On April 1, 2024, the DME MACs revised the oxygen policy article, adding five diagnosis codes that do not support medical necessity when linked with Group III claims using the N3 modifier. I do not agree with the rationale for the change.

Next Episode: Thursday, June 20, 2024

The modification to the oxygen policy article stipulates the existence of certain diagnoses explicitly undermine medical necessity for Group III coverage. Those diagnoses include:

  • Derivatives of hypoxemia,
  • Acute and chronic respiratory failure with hypoxia, and
  • Respiratory failure with unspecified hypoxia.

The logic for excluding these diagnoses seems rooted in a Group III coverage criteria statement in the Oxygen LCD that requires an “absence of hypoxemia defined in Group I and Group II.” I suspect the DME MACs believe Group III is primarily for patients with cluster headaches and other conditions that are unrelated to oxygen deprivation. Through this lens, it negates any expansion of coverage for oxygen-deprived patients that need therapy but do not have a qualifying test result to qualify for Groups I or II.

I disagree.

Instead, I interpret the LCD condition criteria statement to mean there is no overlap between oxygen deprivation qualifications for any of the coverage groups. Said a different way, I think it explicitly means Group III applies to all patients that need oxygen but do not necessarily satisfy the testing parameters or co-morbidities defined for Groups I or II.

Take, for example, a patient with an oxygen saturation of 92 percent while using oxygen set to 4 liters per minute.
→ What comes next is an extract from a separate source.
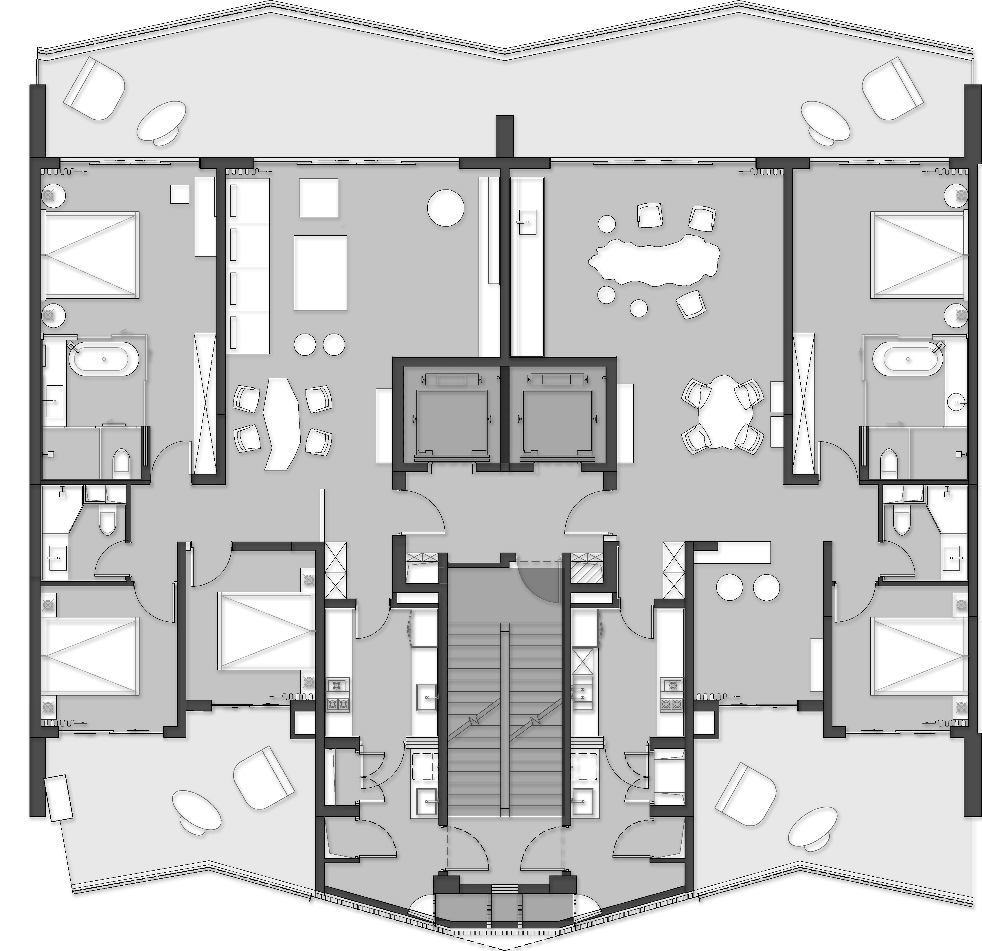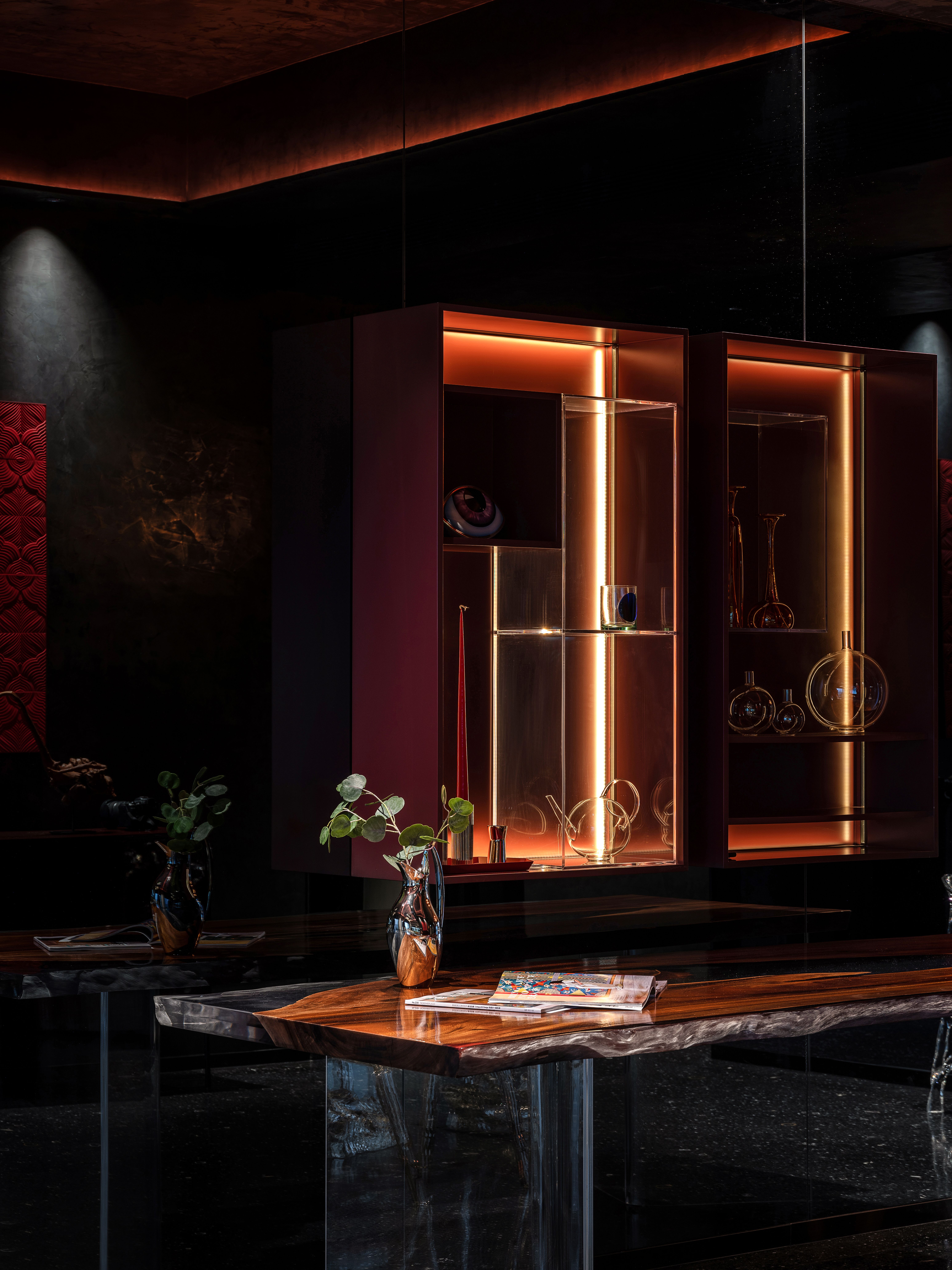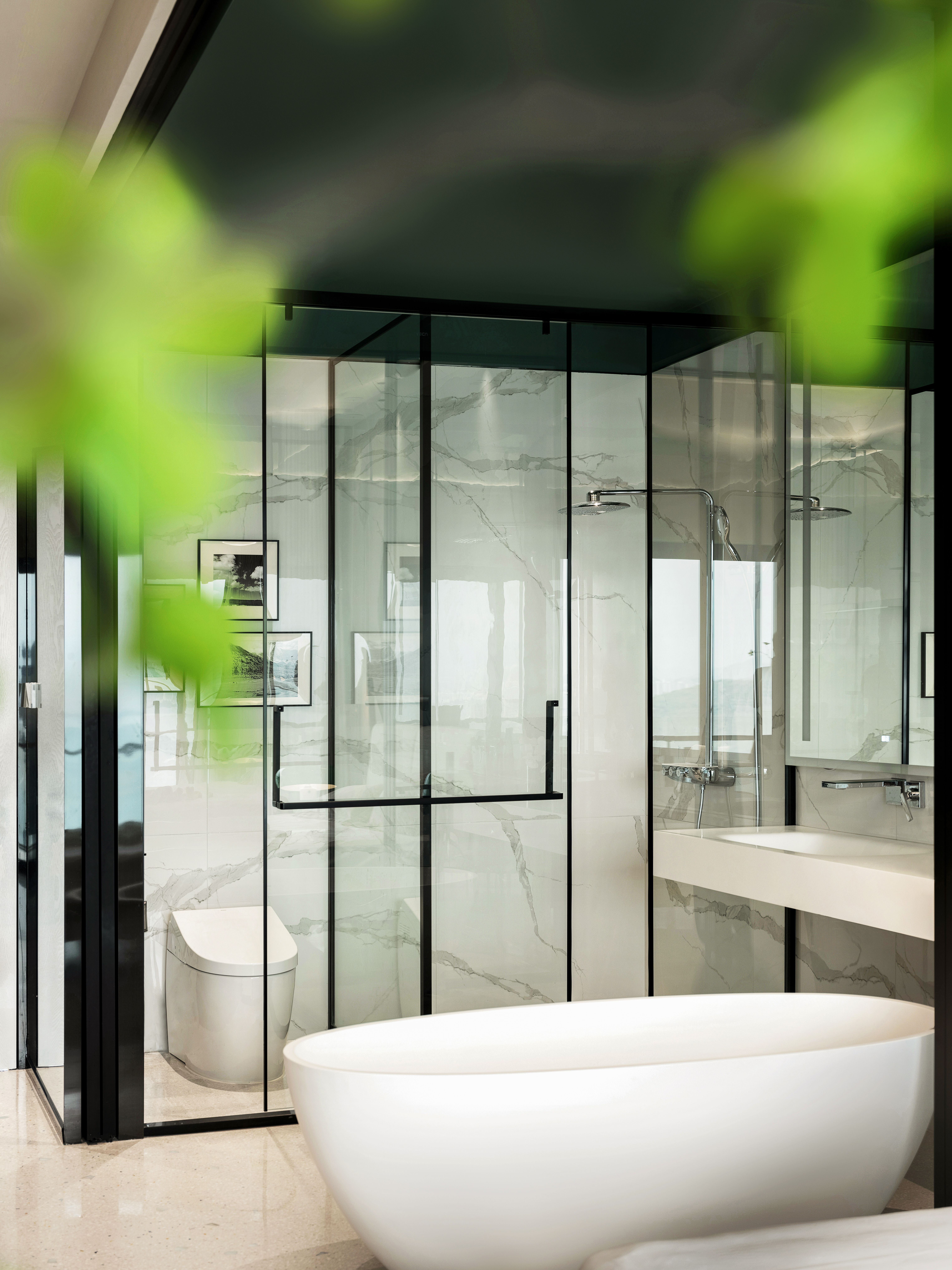 在繁忙喧嚣的现代生活中,人们渴望寻找一处能让身心彻底放松的避风港。本项目以暗色系为基调,旨在营造出一种静谧、深邃且极具沉浸感的空间环境,使每一位进入者仿佛置身于一个与世隔绝的宁静之境,所有的疲惫与压力都能在这片独特的空间中得到充分的释放和解脱。同时,巧妙地运用玻璃材质,将大海的元素引入室内,实现空间与自然的深度交融与对话,让人们在室内也能感受到大海的磅礴与宁静,体验到与海共呼吸的奇妙感受。 -

We can reasonably assume the patient’s SAT would be significantly lower without the oxygen, but removing oxygen for test purposes would unnecessarily strain the patient. The patient clearly benefits from oxygen therapy but does not meet the Groups I or II coverage criteria without a lower test result. I believe this patient could meet the criteria for Group III coverage set forth in the NCD and LCD.

We at MiraVista are going to continue our active dialogue with the medical directors on this issue. In the meantime, I recommend you appeal denials related to these excluded diagnoses with medical records documenting the signs and symptoms of oxygen deprivation that would favorably respond to oxygen therapy. Such denials should be reversed with proper evidence.